### Work item
Please retype, word for word, the line containing "Auf genau diesen" and every line after it through the end of the records, leaving out all pictures.

=== Begin Enclosure ===

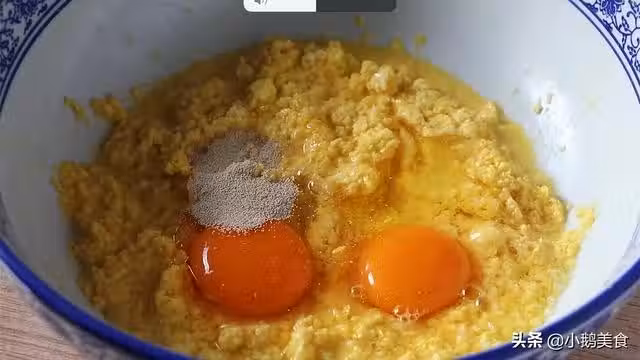 3、玉米雞蛋凈重約250g,麵粉大概需要400g,分次少量加入麵粉,攪拌成絮狀,揉成軟硬適中的麵糰,盡量多揉一會,儘可能揉光滑一點。
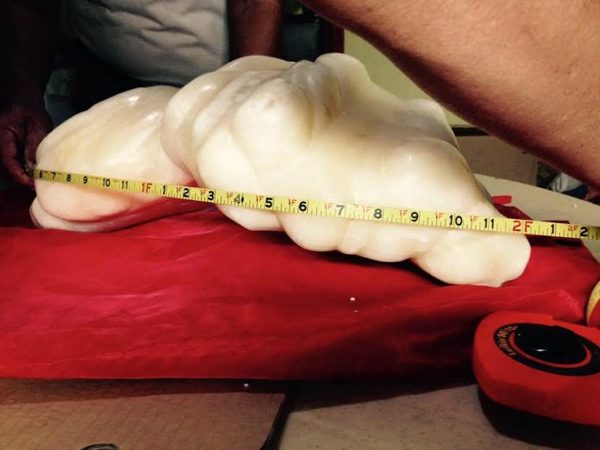 珍珠寬30厘米、長66厘米左右,此前世界上重6.5公斤、價值3500萬美元的最大珍珠在其面前相形見絀。(圖中為2.2英尺)
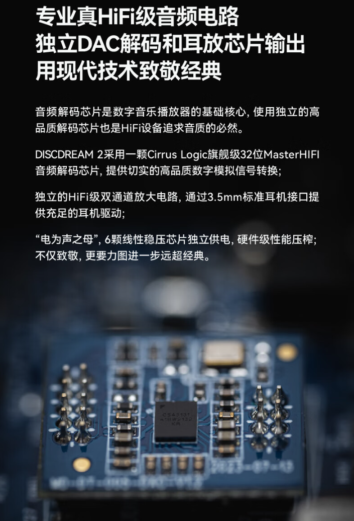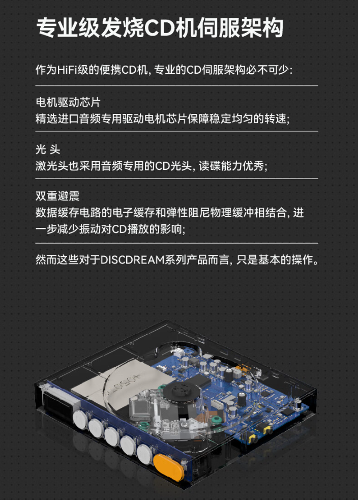 该播放机搭载电机驱动芯片,配备音频专用 CD 光头,辅以双重避震(数据缓存电路的电子缓存和弹性阻尼物理缓冲相结合)。播放机内置 Cirrus Logic 旗舰级 32 位 MasterHIFI 音频解码芯片 、6 颗线性稳压芯片独立供电。
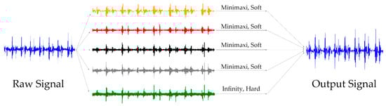 As it is shown in Figure 7, the raw signal was first decomposed with level 4 using the ’db10’ mother wavelet. The components of 5 frequency bands of 0–62.5, 62.5–125, 125–250, 250–500, and 500–1000 Hz were obtained. Further, as the last component was over the frequency band of heart sounds, the hard thresholding method with an infinite threshold was selected to eliminate this part. Then, the soft thresholding method with the minimax threshold was selected to denoise other components. Finally, we reconstructed the processed coefficient matrixes and obtained the output signal.
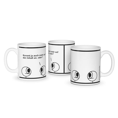 Auf genau diesen Umstand weist der Erzaehlmirnix Webcomic-Becher hin. Der Aussage der einen Figur kann man auch nichts mehr hinzufügen. Also einfach Kaffee einfüllen und genießen. Wer hätte gedacht, dass das so einfach sein kann?
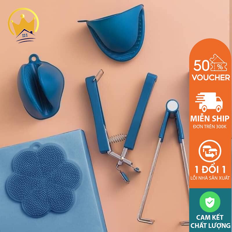 🔸Một set bao gồm đầy đủ: 1 kẹp gắp đồ,1 giá bung kẹp đĩa, 2 găng tay silicon, 2 lót nồi.
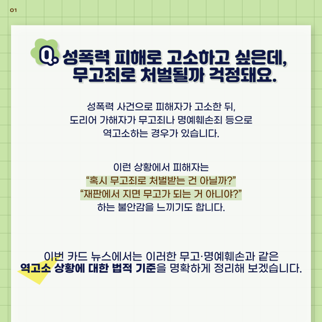 Q. 성폭력 피해로 고소하고 싶은데, 무고죄로 처벌될까 걱정돼요.
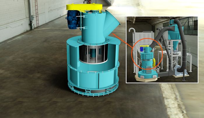 This dynamic classifying technology utilizes vertical oriented blades and a separator rotor to create a vortex, spinning the passing air and throwing coarse particles out to the sides of the mill, where they fall back into the grinding zone. Desired fine particles are carried out through the separator rotor,  and up to the cyclone or bag filter collector.
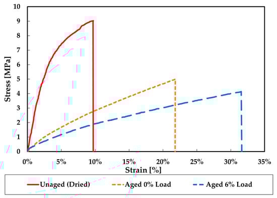 Representative stress–strain plots for unaged (dried) and aged specimens with 0% and 6% constant load conditions are shown in Figure 13.
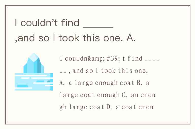 I couldn't find ______ ,and so I took this one. A. a large enough coat B. a large coat enough C. an enough large coat D. a coat enough large
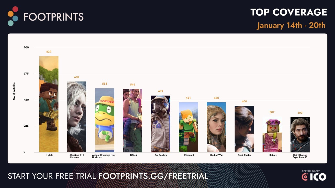 Our buddies at ‘trad PR’ monitoring tool Footprints.gg looked at the week’s top written media coverage, and Minecraft-like Hytale (on PC, not on Steam) tops the charts. Also hot: Resident Evil: Requiem, the Switch-exclusive Animal Crossing: New Horizons (due to a new patch), and GTA 6 (due to.. a boiler room explosion?)
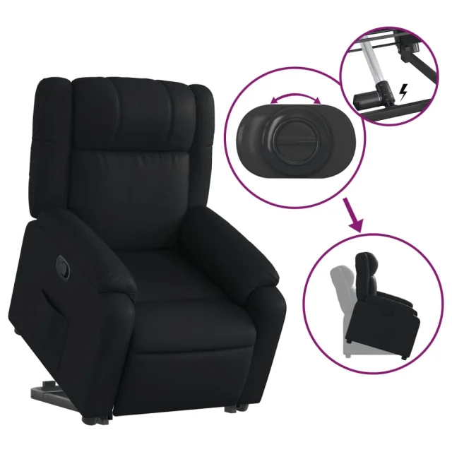 vidaXL Naslanjač s funkcijo vstajanja črno umetno usnje

=== End Enclosure ===

### Response area
 Auf genau diesen Umstand weist der Erzaehlmirnix Webcomic-Becher hin. Der Aussage der einen Figur kann man auch nichts mehr hinzufügen. Also einfach Kaffee einfüllen und genießen. Wer hätte gedacht, dass das so einfach sein kann?
 🔸Một set bao gồm đầy đủ: 1 kẹp gắp đồ,1 giá bung kẹp đĩa, 2 găng tay silicon, 2 lót nồi.
 Q. 성폭력 피해로 고소하고 싶은데, 무고죄로 처벌될까 걱정돼요.
 This dynamic classifying technology utilizes vertical oriented blades and a separator rotor to create a vortex, spinning the passing air and throwing coarse particles out to the sides of the mill, where they fall back into the grinding zone. Desired fine particles are carried out through the separator rotor,  and up to the cyclone or bag filter collector.
 Representative stress–strain plots for unaged (dried) and aged specimens with 0% and 6% constant load conditions are shown in Figure 13.
 I couldn't find ______ ,and so I took this one. A. a large enough coat B. a large coat enough C. an enough large coat D. a coat enough large
 Our buddies at ‘trad PR’ monitoring tool Footprints.gg looked at the week’s top written media coverage, and Minecraft-like Hytale (on PC, not on Steam) tops the charts. Also hot: Resident Evil: Requiem, the Switch-exclusive Animal Crossing: New Horizons (due to a new patch), and GTA 6 (due to.. a boiler room explosion?)
 vidaXL Naslanjač s funkcijo vstajanja črno umetno usnje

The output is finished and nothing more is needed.